Adolescente, Sarah est terrorisée par l’idée de basculer dans la folie, victime de la malédiction de sa lignée maternelle. « J’avais quinze ans. Je ratais tout, y compris la façon de me supprimer. Le printemps était là, mais il faisait extrêmement froid. C’était un froid qui ne me quittait plus. Un froid gris. » (…) « Quand j’étais adolescente, j’ai trouvé dans la cour de récréation un papier sur lequel un groupe m’avait représentée, des mouches tournant autour de moi, avec, accrochée autour de mon cou, une pancarte où on avait marqué « direction Sainte Anne ». »

Elle va en effet à Sainte Anne, mais comme psychologue. « Chaque mot qui passe la barrière de mes lèvres est un triomphe sur l’enfer d’un enfant plongé dans le noir après avoir été cogné (…) je ne suis rien d’autre qu’une malade qui a réussi. » L’aide qu’elle apporte à des patients en détresse psychique et le travail d’écriture lui permettent de se maintenir en vie, souvent tentée par l’envie de se donner la mort, mais ferme dans la résolution d’aller de l’avant, malgré tout. Elle parle de la conscience de ne rien regretter. « De la vie j’acceptais tout, le meilleur comme le pire, et si c’était à refaire, je consentirais à revivre point par point tout ce que j’avais vécu, même si certaines de ces expériences m’avaient laissé pour morte, puisque j’étais tissée de tout cela. »

Sarah Chiche

Sarah mène une vie vertigineuse. Celle-ci est bouleversée par l’irruption d’un amour bouleversant. Elle aime profondément son compagnon, Paul, dont elle a une petite fille. Mais elle se livre passionnément à un homme plus âgé qu’elle, un violoncelliste virtuose autrichien, Richard K, en qui elle découvre un autre soi-même. « La pensée me traverse de me défénestrer tout de suite pour nous épargner d’avoir à vivre la joie dévastatrice des années qui viendront. (…) Chaque fois que je crois vous fuir, je vous retrouve, épouvantée, au centre de mon cœur. Vous me manquez. Vous me manquez jusqu’à la dévastation. (…) Nous sommes dévastés de joie (…) Dévastés que les limites de nos corps nous empêchent de pénétrer encore plus profondément l’un dans l’autre.
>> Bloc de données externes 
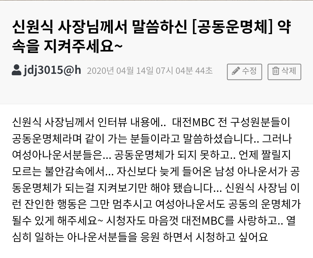 시청자의견 시청자 의견 신원식 사장님께서 말씀하신 [공동운명체] 약속을 지켜주세요~ 등록일 : 2020-04-20 15:58 조회수 : 124 여러분의 의견을 남겨주세요 ※ 댓글 작성시 상대방에 대한 배려와 책임을 담아 깨끗한 댓글 환경에 동참해 주세요. 0/2000 등록 수정 삭제 이전글 다음글 목록
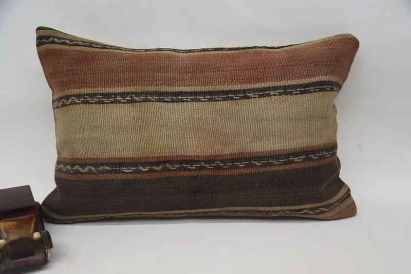 Cojín a rayas beige y marrón, almohada versátil de 16x24
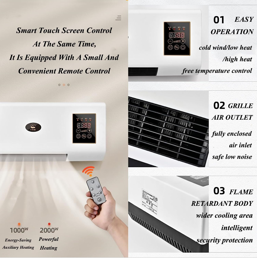 • 【MULTI-FUNCTIONAL DESIGN】The wall unit air conditioner can be used not only as an air conditioner for cooling (natural wind) but also as a heater for heating to meet the needs of different seasons. Note: This product can not be cooled, blowing natural wind and hot air.
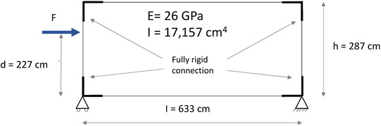 A simplified numerical model reproducing the conditions of the experimental test was implemented to describe the mechanical behaviour of the GFRP portal frame. Figure 16 shows the structural scheme adopted for the modelling.

Sarah aime à la folie, elle se sent dévastée d’angoisse à la pensée de ce qui va nécessairement se produire lorsque Paul et sa fille sauront ce qui se passe. Cette dévastation est aussi causée par la joie de rester vivants, malgré tout. Elle fait écho à la dévastation d’un monde en proie à une cruauté impensable. Celle qui, dans les années 1930, fit mourir de faim et de maladie des milliers d’enfants et d’adultes jugés inaptes par les idéologues nazis. Celle qui, aujourd’hui, touche des enfants et des adultes dont le seul crime est d’avoir fui l’enfer dans leur pays et cherché le salut chez nous, qui leur opposons un mur de cécité et de répression.
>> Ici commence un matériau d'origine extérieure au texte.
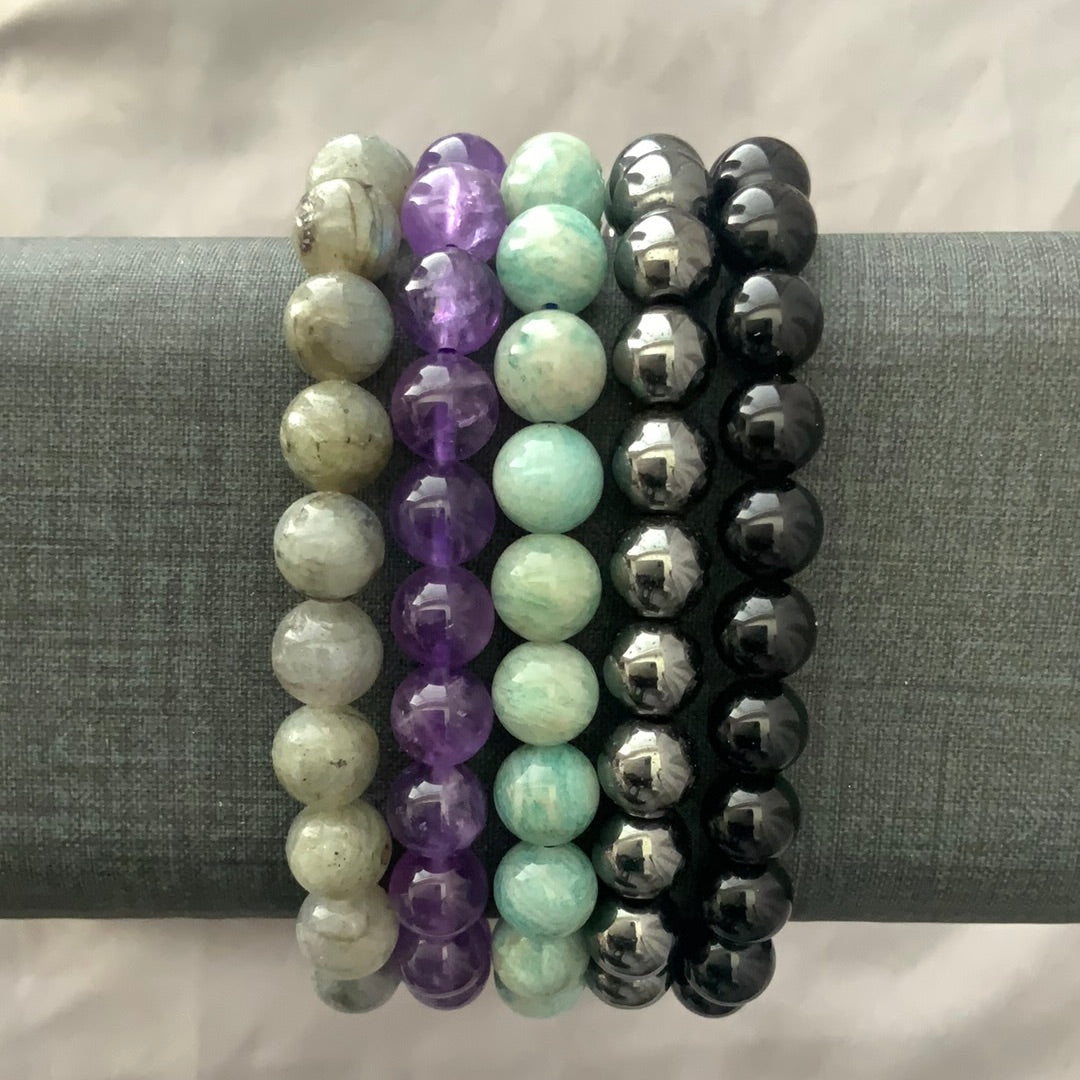 Amazonite : Labradorite : Amethyst : Blue Aventurine : Black Obsidian

Sarah s’adresse à sa fille : « je voudrais te remercier parce que tu as traversé des choses qu’un enfant de ton âge ne doit normalement pas traverser. Tu as entendu des choses qu’un enfant ne devrait pas entendre. Tu as vu des choses qui t’ont fait peur. Tu as été de nous tous la plus courageuse, parce que ton cœur est pur. » Il est malgré tout possible, peut-être, de briser le cercle infernal de la fatalité.